After a brief understanding of the principle, you may have a question, what is the use of transferring bytes from one thread to another? A brief summary: java applications generate files, and then need to upload to the cloud scenario, you can use pipeline flow. the same business scenario, before understanding the pipeline flow, are first written to the local disk, and then read from the file disk to upload to the cloud. Once you are familiar with the technology, you can omit the step of writing files to local disks to improve efficiency and save CPU and IO overhead.

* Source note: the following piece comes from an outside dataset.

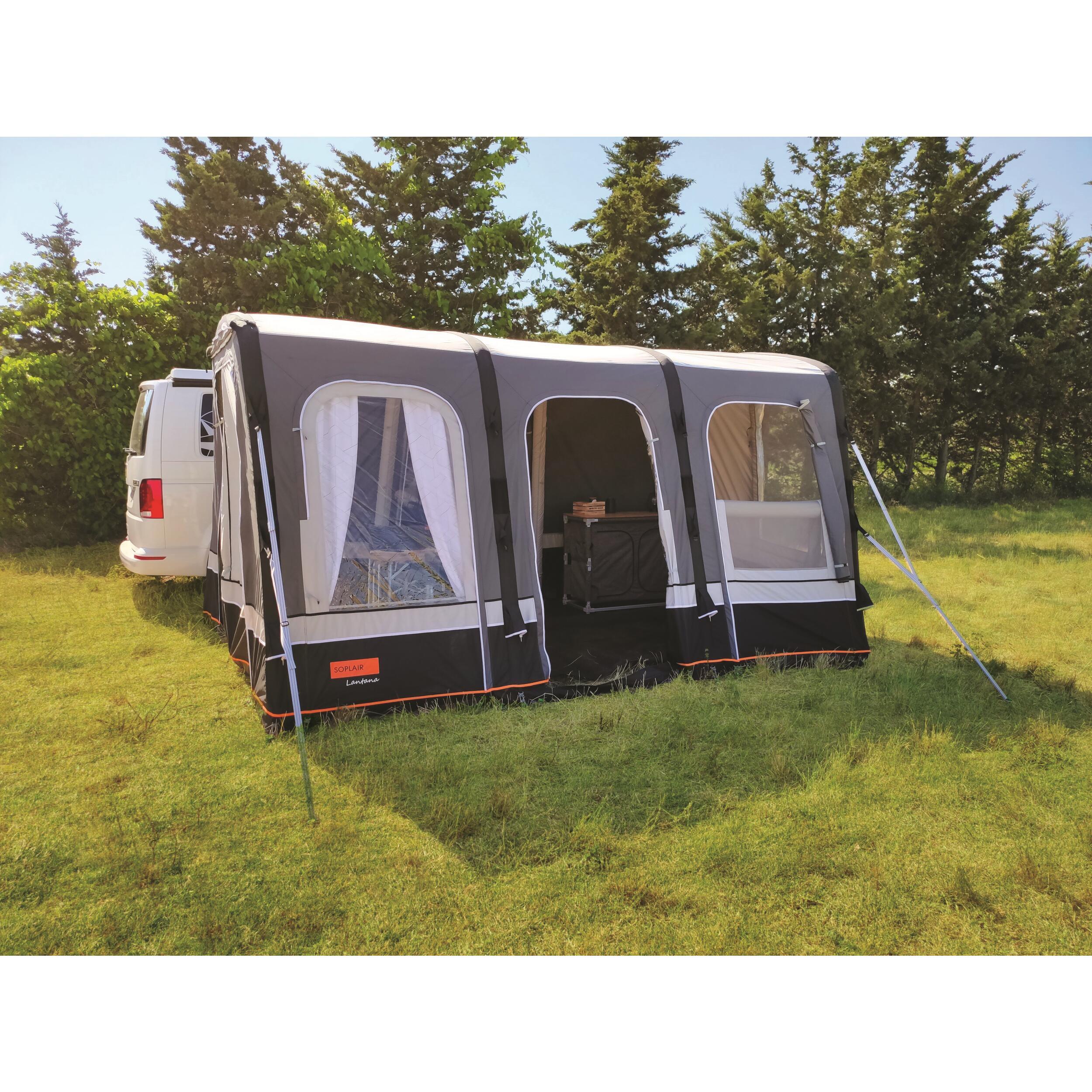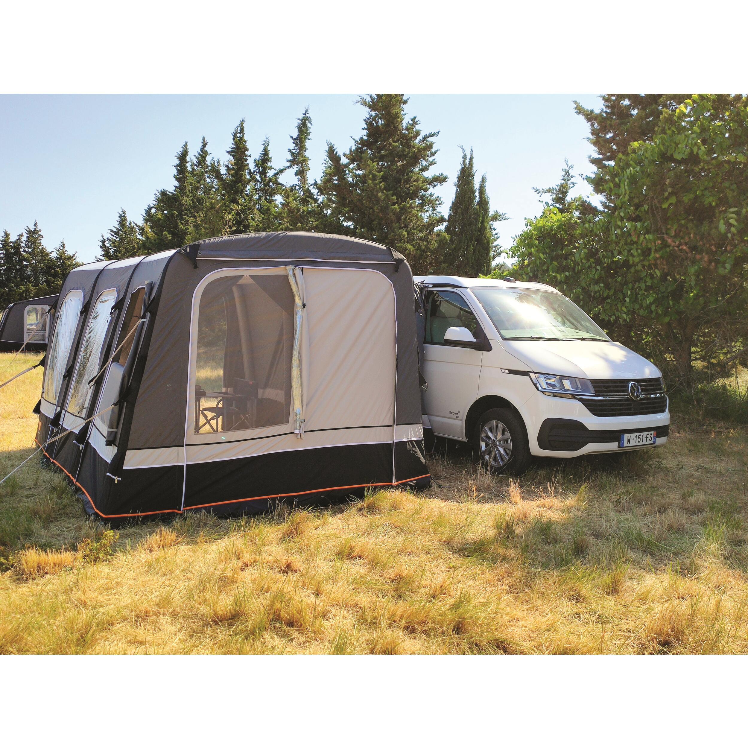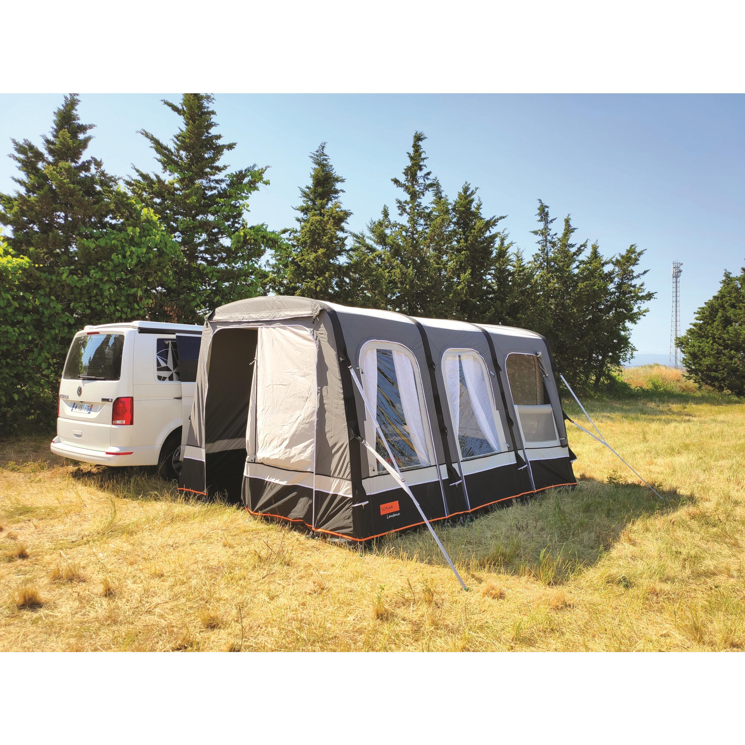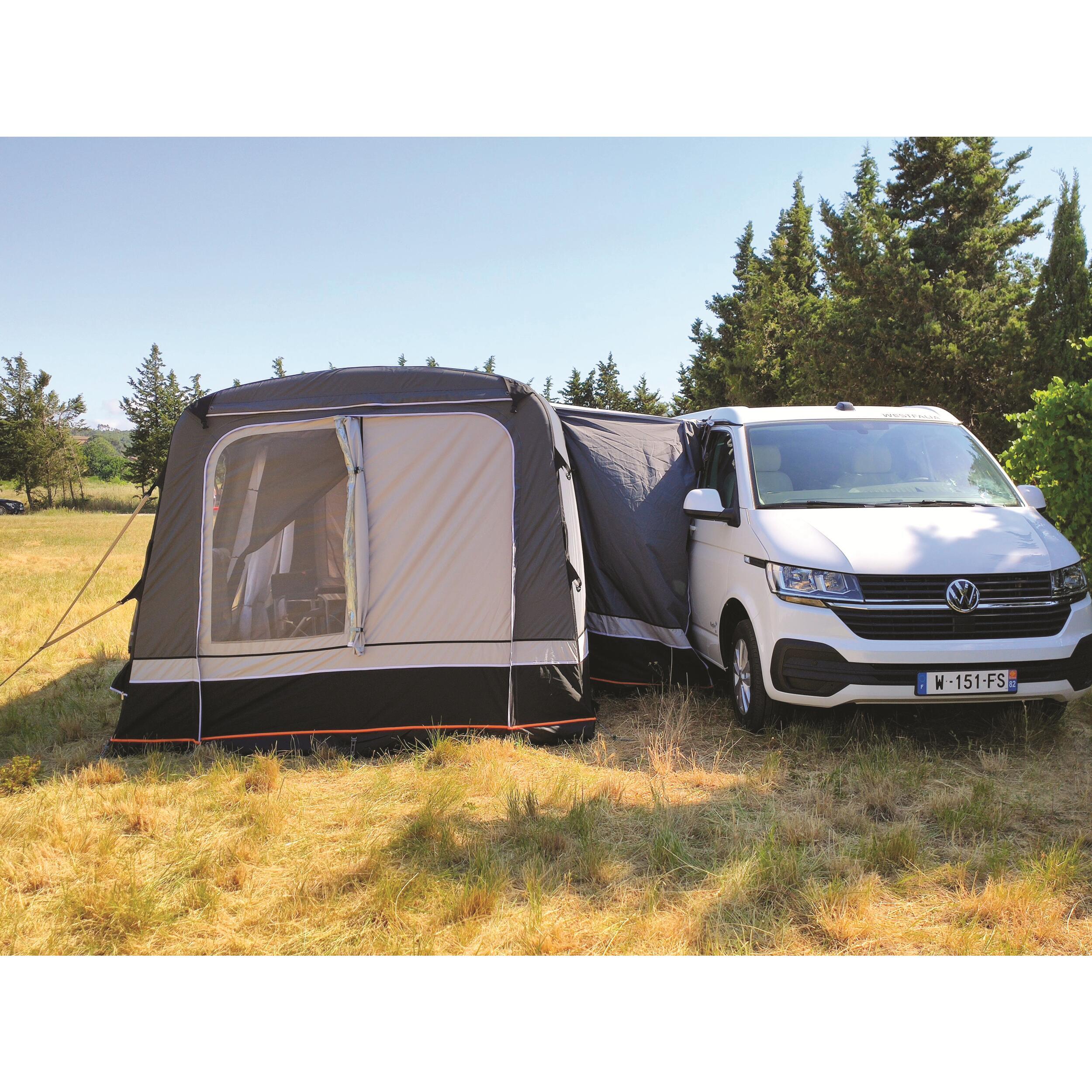 Auvent gonflable modulable pour fourgon et mini-van, conçu pour créer un espace de vie supplémentaire protégé, avec mur de séparation et système EasyAir.

Case one: EXCEL file export function

For example, there is a file export function, because the exported file is relatively large, the export of the download finished a very long time, so in the case of not using the pipeline flow, will be designed in this way, the page click on the export, the background triggers the export task, and then the data in the database according to the export conditions query out to generate Excel files, and then upload the file to the cloud, and finally generate a link to download the file. The previous approach, as mentioned above, was to first write the file locally, then read it out of the local directory and upload it to the cloud. The following demonstrates a one-step approach to pipeline flow.

 1
 2
 3
 4
 5
 6
 7
 8
 9
10
11
12
13
14
15
16
17
18
19
20
21
  public static void main(String[] args) {

        try (PipedOutputStream out = new PipedOutputStream();
             PipedInputStream in = new PipedInputStream(out)) {
            new Thread(() -> {
                Listdatabase = new LinkedList<>();
                try {
                    // File generation
                    ExcelUtils.getInstance().exportObjects2Excel(database,out);
                } catch (IOException e) {
                    e.printStackTrace();
                }

            }).start();
            // cloud upload
            ossClient.putObject("test", "test.xlsx",in);

        } catch (IOException e) {
            e.printStackTrace();
        }
    }

Case 2: XML file data transfer This type of requirement is commonly used when interfacing with banks and financial institutions, requiring some xml format data to be uploaded to a specified ftp, or a directory in the cloud for data reconciliation. In fact, from the file upload scenario, and the above case is the same, in memory to generate the file, and then upload to the cloud, the pseudo code is as follows.

 1
 2
 3
 4
 5
 6
 7
 8
 9
10
11
12
13
14
15
16
17
18
19
20
21
22
    public static void main(String[] args) {

        try (PipedOutputStream out = new PipedOutputStream();
             PipedInputStream in = new PipedInputStream(out)) {
            new Thread(() -> {
                Listdatabase = new LinkedList<>();
                try(GZIPOutputStream gzipOut = new GZIPOutputStream(out)) {
                    Marshaller marshaller = JAXBContext.newInstance(Object.class).createMarshaller();
                    marshaller.setProperty(marshaller.JAXB_FORMATTED_OUTPUT, Boolean.TRUE);
                    marshaller.marshal(database,gzipOut);
                } catch (IOException | JAXBException e) {
                    e.printStackTrace();
                }

            }).start();
            // cloud upload
            ossClient.putObject("test", "test.xml.gz",in);

        } catch (IOException e) {
            e.printStackTrace();
        }
    }

Case 2 has an extra step of compressing the file, and the final uploaded file is a gzip archive with an xml file inside. This way you can greatly reduce the size of the file and increase the speed of the upload.

Conclusion

PipedInputStream and PipedOutputStream are designed to solve cross-thread byte data transfer. When you need to generate files in memory and upload them to the cloud, remember to use piped streams to improve efficiency and reduce CPU and IO overhead.